▶ _TASK TO CARRY OUT_
Dropping every picture, set down exactly the lines in the entries below, starting with the line with "El K25-COMBO es" and going on through the line with "リング 琥珀/ダイヤ K18WG 6.90g 石目:0.040".

*** Opening of GIVEN DATA ***

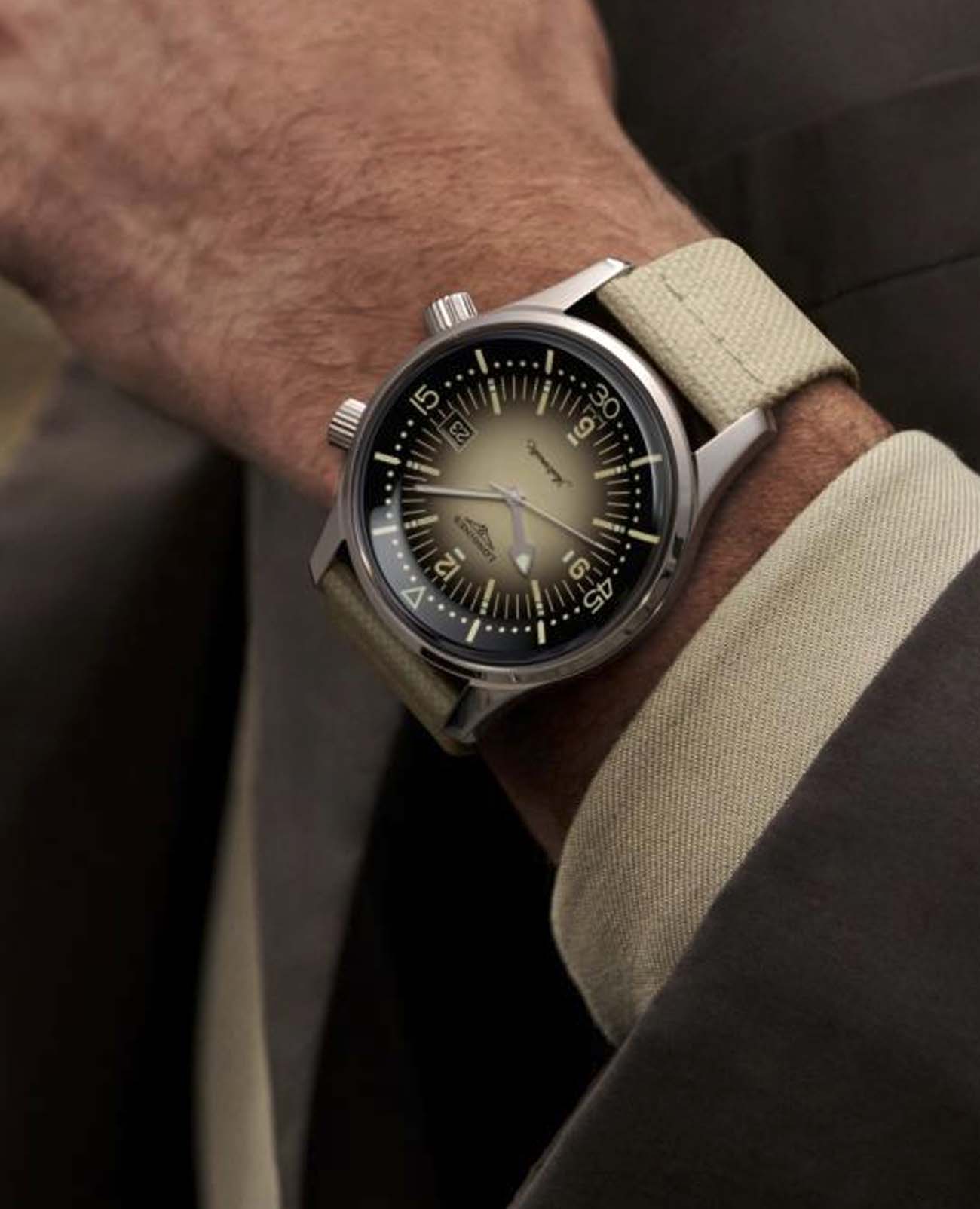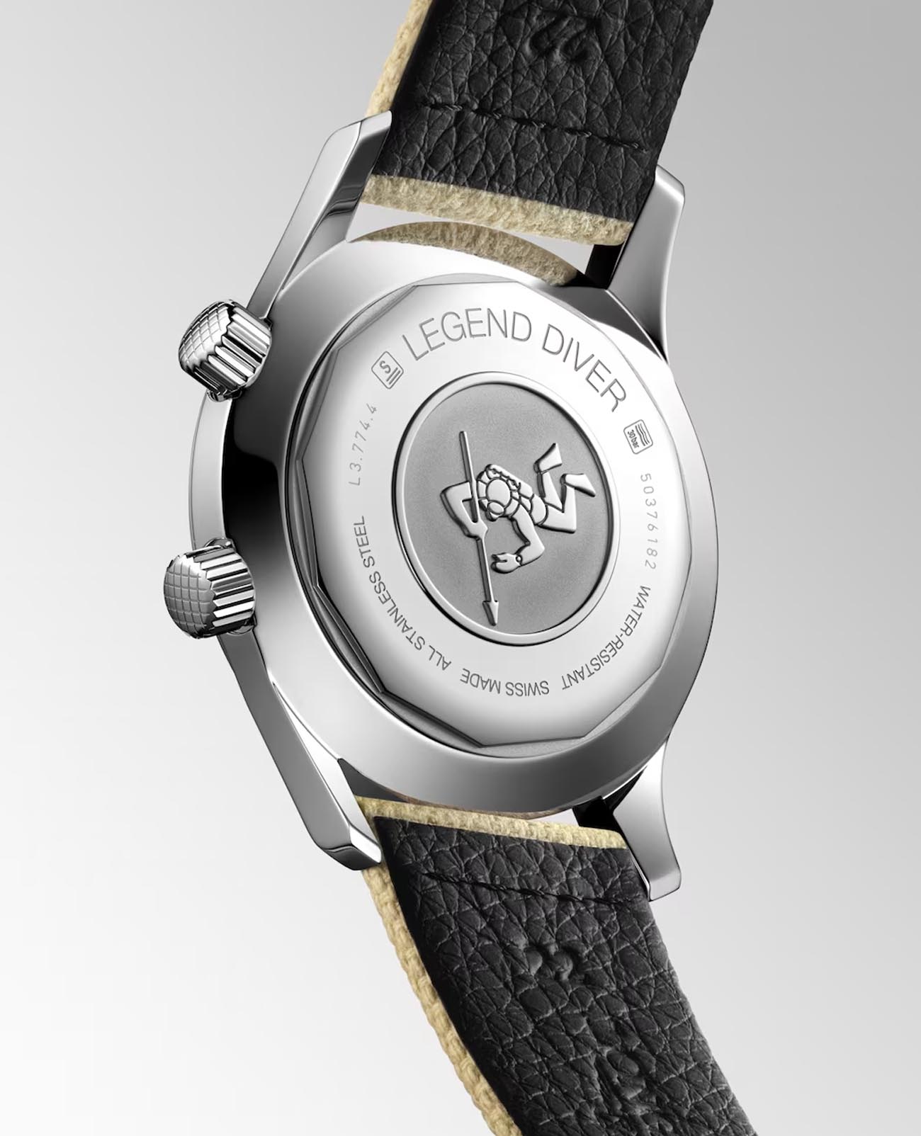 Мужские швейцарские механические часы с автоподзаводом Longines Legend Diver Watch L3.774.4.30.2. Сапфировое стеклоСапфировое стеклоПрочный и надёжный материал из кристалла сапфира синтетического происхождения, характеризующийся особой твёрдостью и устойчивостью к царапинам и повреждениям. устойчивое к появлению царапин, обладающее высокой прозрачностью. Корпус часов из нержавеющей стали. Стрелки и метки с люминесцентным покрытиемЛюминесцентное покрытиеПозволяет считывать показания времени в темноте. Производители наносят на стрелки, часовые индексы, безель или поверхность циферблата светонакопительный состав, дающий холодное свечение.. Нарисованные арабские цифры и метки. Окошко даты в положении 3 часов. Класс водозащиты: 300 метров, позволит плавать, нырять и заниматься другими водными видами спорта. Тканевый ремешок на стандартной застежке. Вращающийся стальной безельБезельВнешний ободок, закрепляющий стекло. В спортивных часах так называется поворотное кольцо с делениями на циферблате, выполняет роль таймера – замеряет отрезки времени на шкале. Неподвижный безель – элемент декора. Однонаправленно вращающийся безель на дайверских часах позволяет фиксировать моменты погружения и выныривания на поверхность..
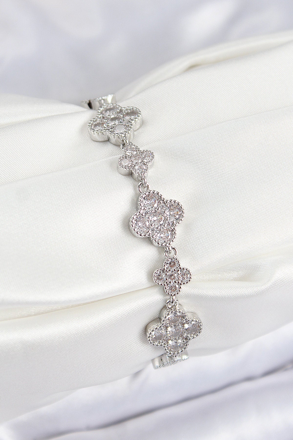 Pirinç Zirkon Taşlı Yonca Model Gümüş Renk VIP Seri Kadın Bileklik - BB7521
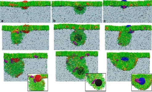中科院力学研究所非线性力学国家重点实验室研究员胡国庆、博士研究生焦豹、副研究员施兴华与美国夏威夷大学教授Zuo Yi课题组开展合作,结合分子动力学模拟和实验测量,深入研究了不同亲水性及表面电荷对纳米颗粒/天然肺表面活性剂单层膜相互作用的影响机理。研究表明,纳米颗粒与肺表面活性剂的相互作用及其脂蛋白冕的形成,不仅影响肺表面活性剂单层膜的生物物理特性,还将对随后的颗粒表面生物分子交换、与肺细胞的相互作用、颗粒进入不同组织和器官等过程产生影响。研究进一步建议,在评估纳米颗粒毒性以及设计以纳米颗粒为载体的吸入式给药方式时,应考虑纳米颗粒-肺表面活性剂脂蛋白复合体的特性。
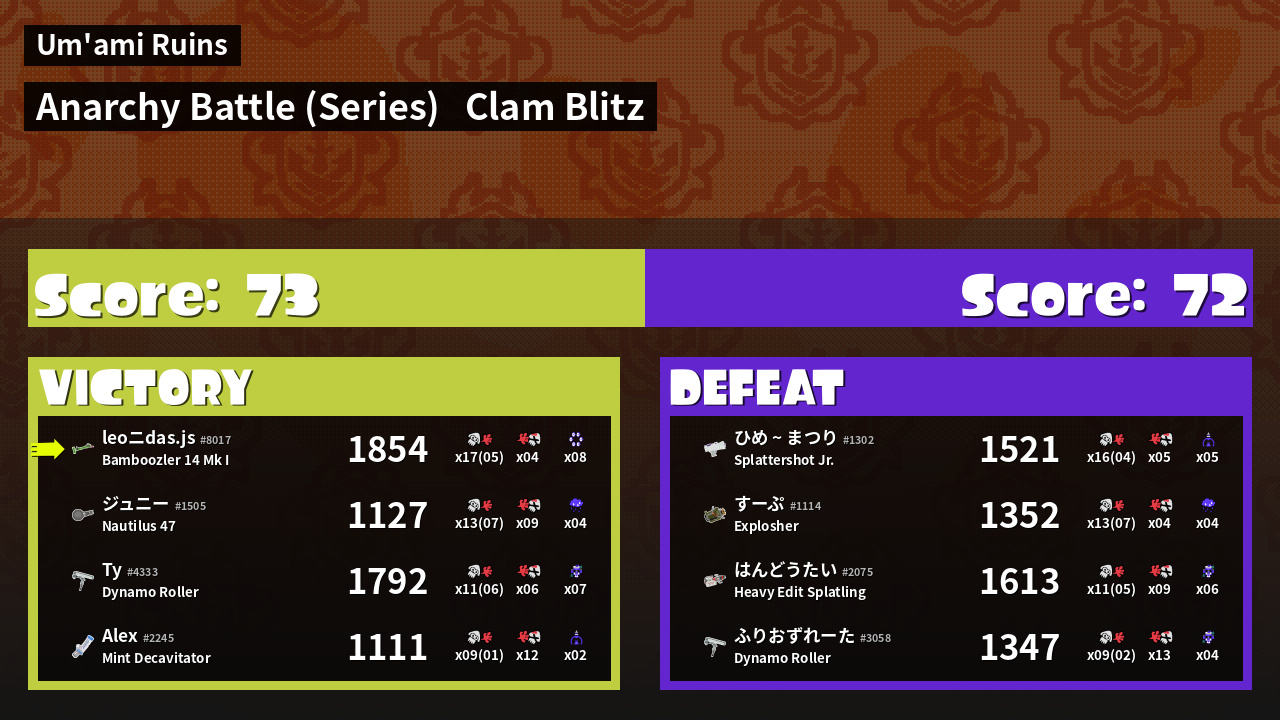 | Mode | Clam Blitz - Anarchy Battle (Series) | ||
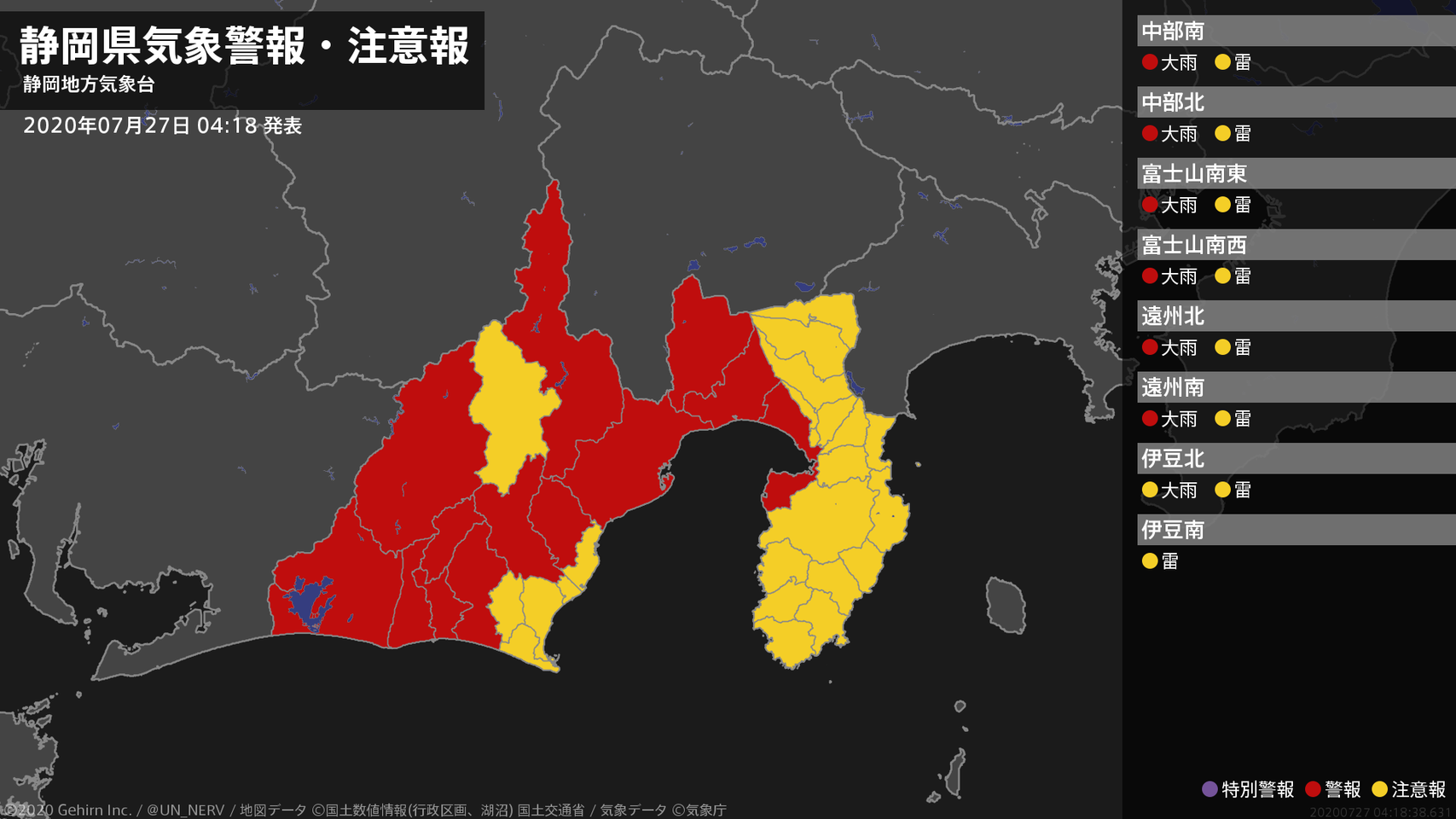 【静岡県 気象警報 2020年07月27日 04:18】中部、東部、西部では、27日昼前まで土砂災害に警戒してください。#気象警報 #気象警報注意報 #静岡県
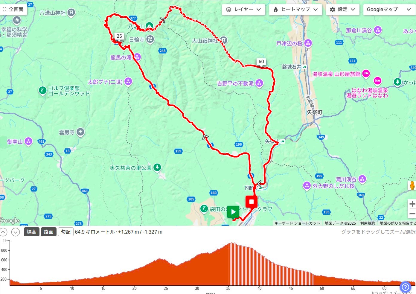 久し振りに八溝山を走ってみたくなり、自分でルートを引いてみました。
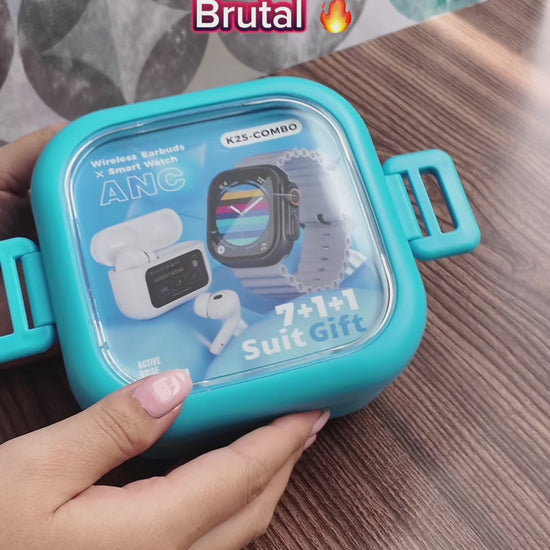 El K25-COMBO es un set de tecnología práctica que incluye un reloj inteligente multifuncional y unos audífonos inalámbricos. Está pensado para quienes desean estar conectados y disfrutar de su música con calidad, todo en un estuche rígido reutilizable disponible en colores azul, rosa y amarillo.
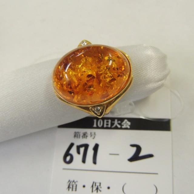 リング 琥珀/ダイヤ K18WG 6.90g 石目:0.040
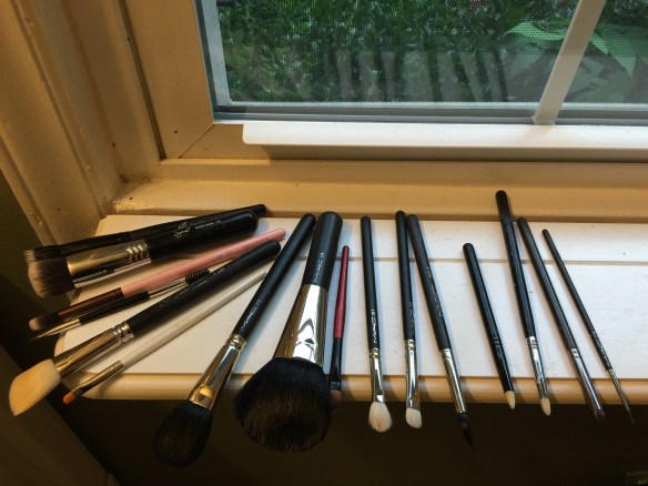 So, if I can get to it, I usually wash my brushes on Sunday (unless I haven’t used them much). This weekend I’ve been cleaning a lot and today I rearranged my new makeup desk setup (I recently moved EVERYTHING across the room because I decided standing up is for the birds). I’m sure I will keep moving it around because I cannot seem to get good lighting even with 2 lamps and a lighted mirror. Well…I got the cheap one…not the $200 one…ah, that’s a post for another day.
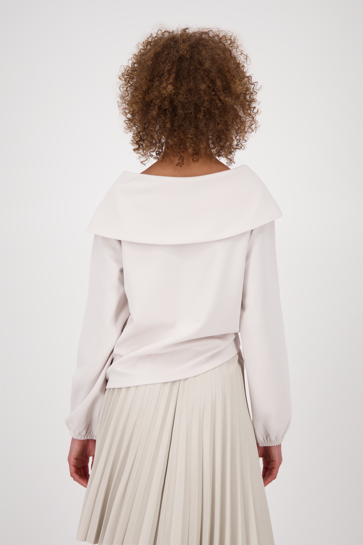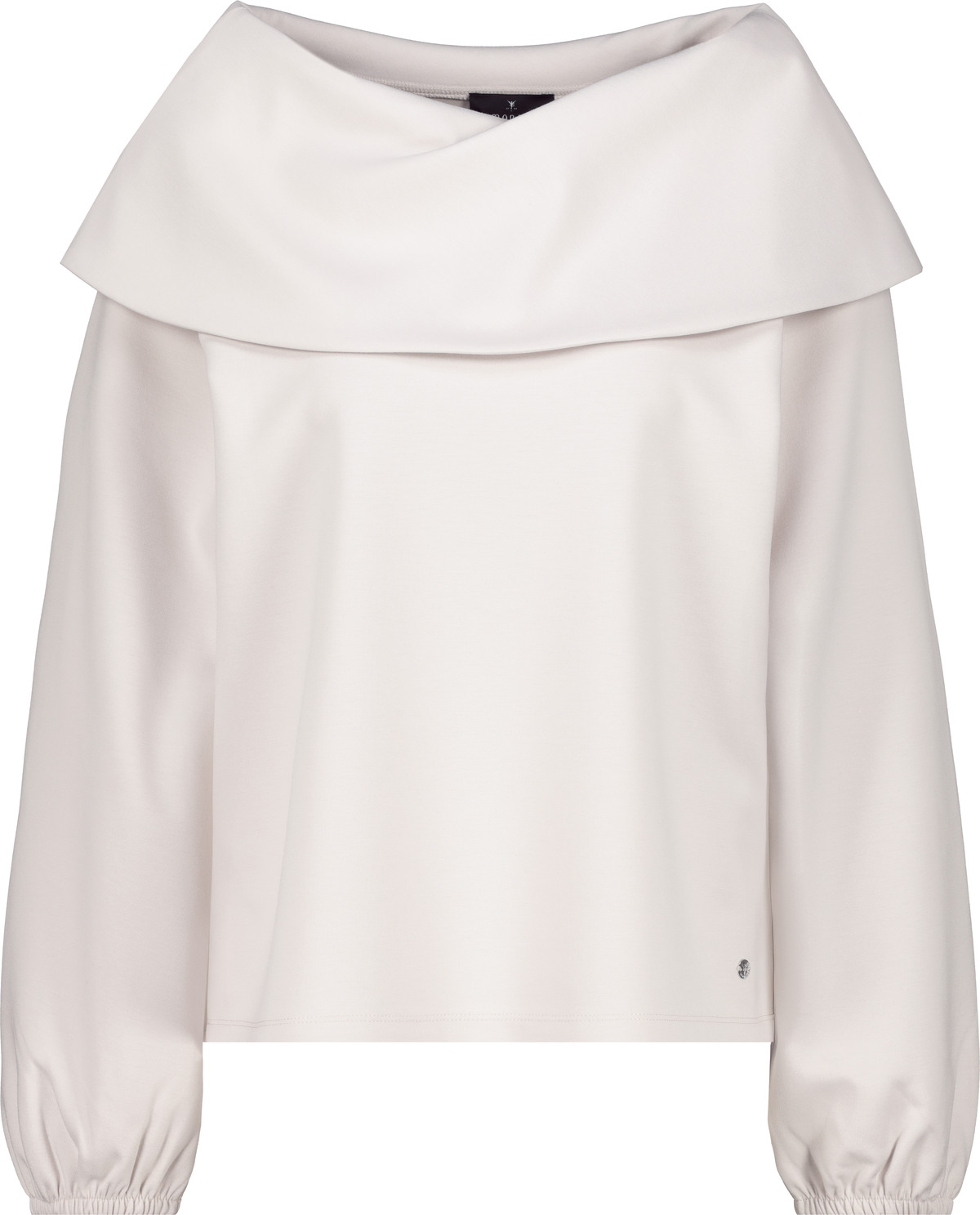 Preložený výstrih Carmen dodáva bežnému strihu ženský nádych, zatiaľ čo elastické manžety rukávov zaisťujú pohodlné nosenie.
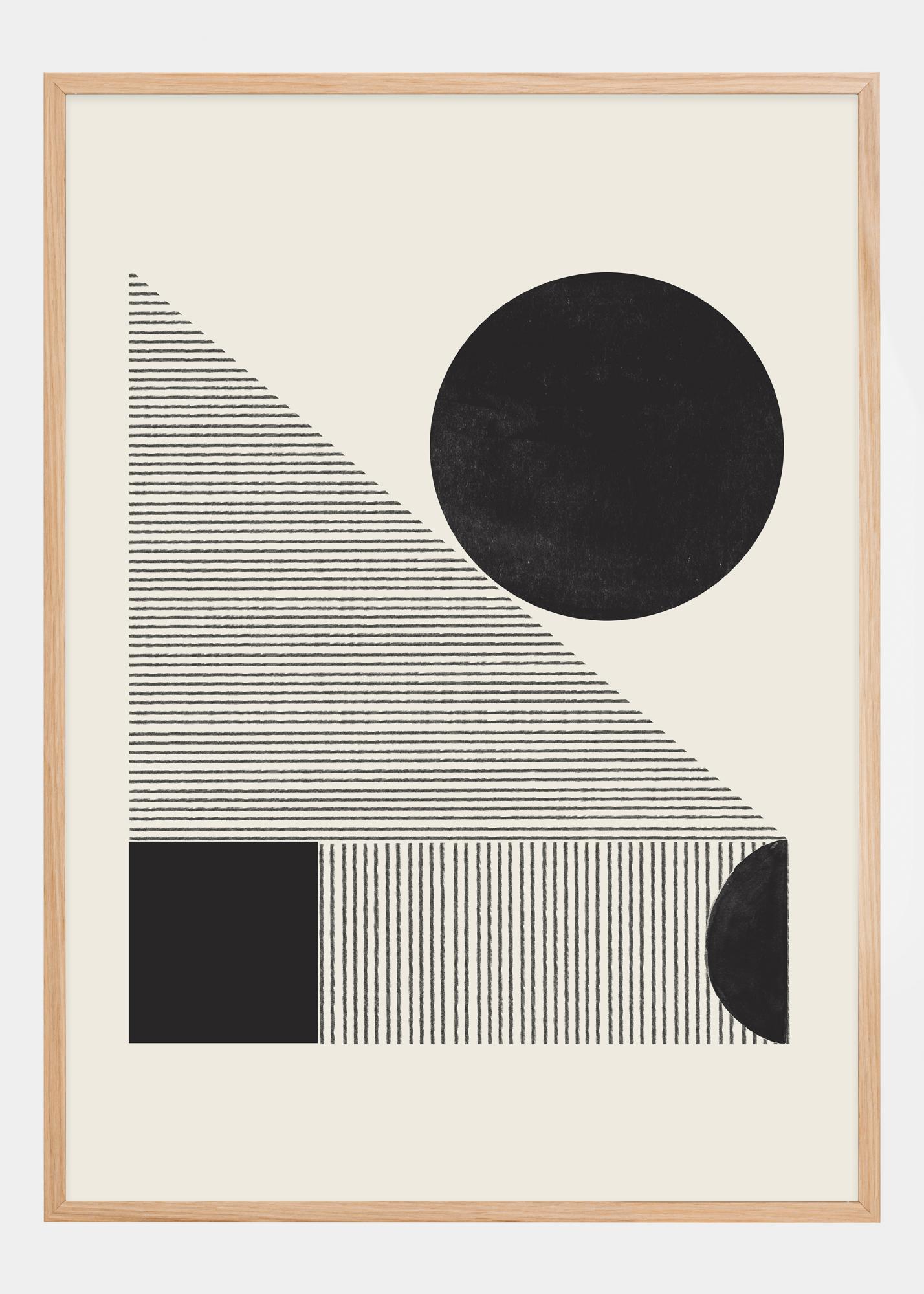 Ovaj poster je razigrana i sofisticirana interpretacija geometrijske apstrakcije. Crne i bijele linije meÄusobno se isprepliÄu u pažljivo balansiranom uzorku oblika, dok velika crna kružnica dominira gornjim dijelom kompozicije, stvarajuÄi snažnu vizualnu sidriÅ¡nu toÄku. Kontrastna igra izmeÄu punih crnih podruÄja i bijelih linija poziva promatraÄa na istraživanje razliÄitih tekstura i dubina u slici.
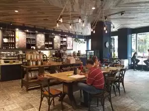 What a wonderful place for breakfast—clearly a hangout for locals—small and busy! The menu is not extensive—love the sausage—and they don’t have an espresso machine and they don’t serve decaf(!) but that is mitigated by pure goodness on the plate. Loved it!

*** Close of GIVEN DATA ***

▶ _WORKED SOLUTION_
 El K25-COMBO es un set de tecnología práctica que incluye un reloj inteligente multifuncional y unos audífonos inalámbricos. Está pensado para quienes desean estar conectados y disfrutar de su música con calidad, todo en un estuche rígido reutilizable disponible en colores azul, rosa y amarillo.
 リング 琥珀/ダイヤ K18WG 6.90g 石目:0.040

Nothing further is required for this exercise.